Easy Parallel Processing with xargs
Hello, I'm Munou.
Sorry for the long time since my last post, but I'm alive.
I bought a used Ryzen 5, and it surprisingly had bent pins, causing issues like only one memory stick being recognized, but I'm somehow managing. I got another M-ATX AM4 motherboard cheaply, so I'm thinking of using that Ryzen chip to build a mini PC.
Convenient xargs
xargs - Wikipedia
xargs, which exists as a UNIX command, is very convenient.

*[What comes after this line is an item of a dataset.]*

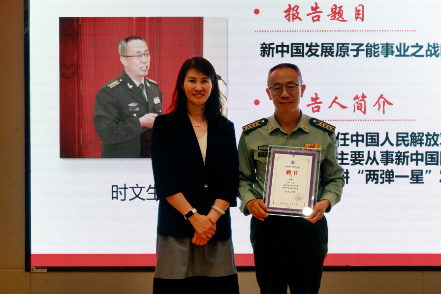 时文生主要从事新中国国防科技和武器装备史研究,深耕“两弹一星”发展史领域。课前,庄晓舒为时文生颁发“午夜av 思政导师”聘书。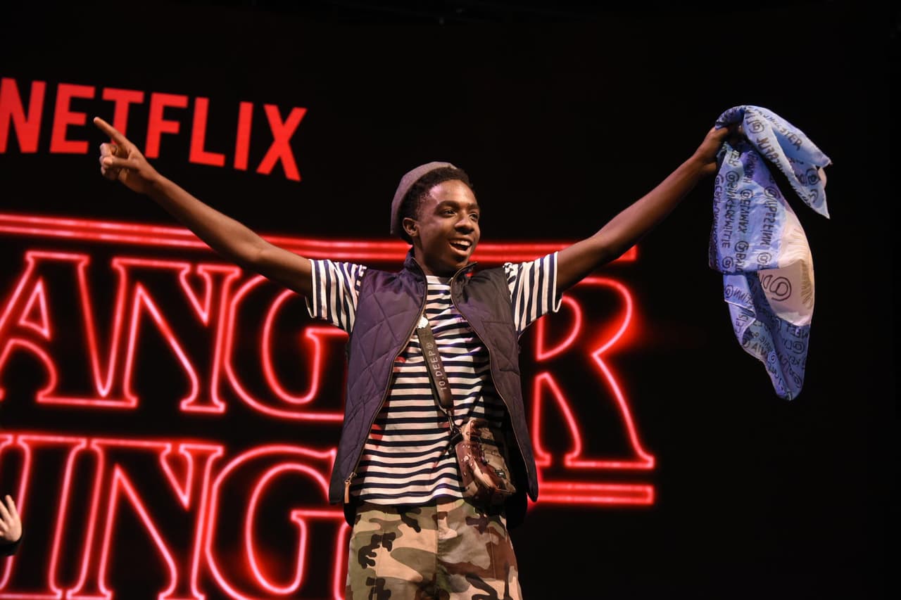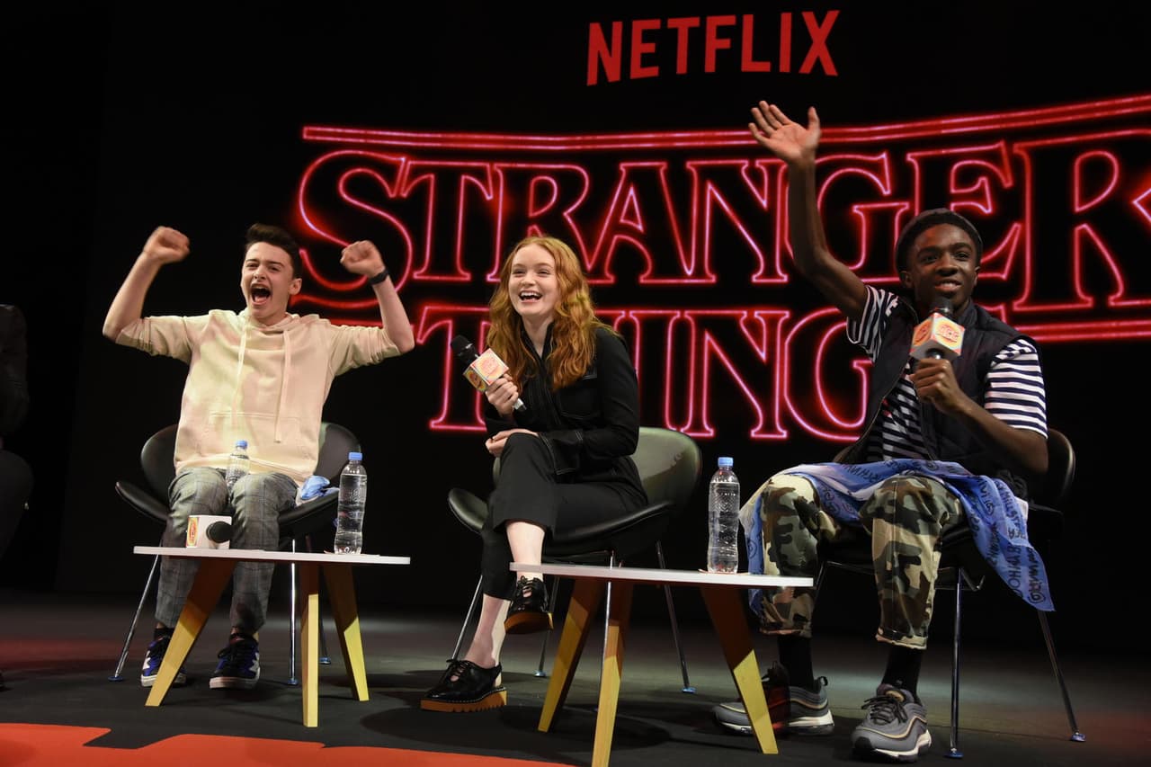 Puede que los actores sean adolescentes, pero parte de la confección de sus personajes implicó comprender la década del 80 como si la hubieran vivido: «Me gustan todos los que aparecen en Stranger Things: los Goonies, Volver a Futuro, Stand by me...o, incluso, Cazafantamas», dijo Caleb. Y ahí rápido, los tres jóvenes entonaron la clásica canción de la película y los gritos retornaron.

At first, I wasn't used to it, but the more I use it, the more versatility I find. It's a very good command that even eliminates the need to write simple loop statements in a one-liner.
Use Case
For example, let's say you have videos you want to save with yt-dlp, and they exist one per line.
url1
url2
url3
If you pass them all at once for parallel processing, the CPU load will be severe, so if you want to run them two processes at a time, you can write it like this:
cat url-txt | xargs -I {} -P 2 yt-dlp {}
Surprisingly, with just this, you can process them two processes at a time.
Let's break it down
So, how does this work?
The above is equivalent to the following:
yt-dlp url1 ; yt-dlp url2
yt-dlp url3
Mechanically, it means that the command passed to xargs is executed each time.
Is it like reading a line and storing it as an array?
What about without options?
Without options, it passes all arguments to the command given to xargs.
Since the compatible commands are limited, I feel it's better to use the -I option.
In cases like the following:
cat url-txt | xargs yt-dlp
In this case, the following command would have been executed:
yt-dlp url1 url2 url3
Therefore, it seems better to process with -I whenever possible, but without options might be fine depending on the situation.
Use Case2
It's also useful when you want to grep or sed only specific filenames with the find command.
find . -name "testfile" | xargs -I {} grep "return 0" {}
In this way, you can grep only specific files with such a short description.
That's all for today.
Until next time.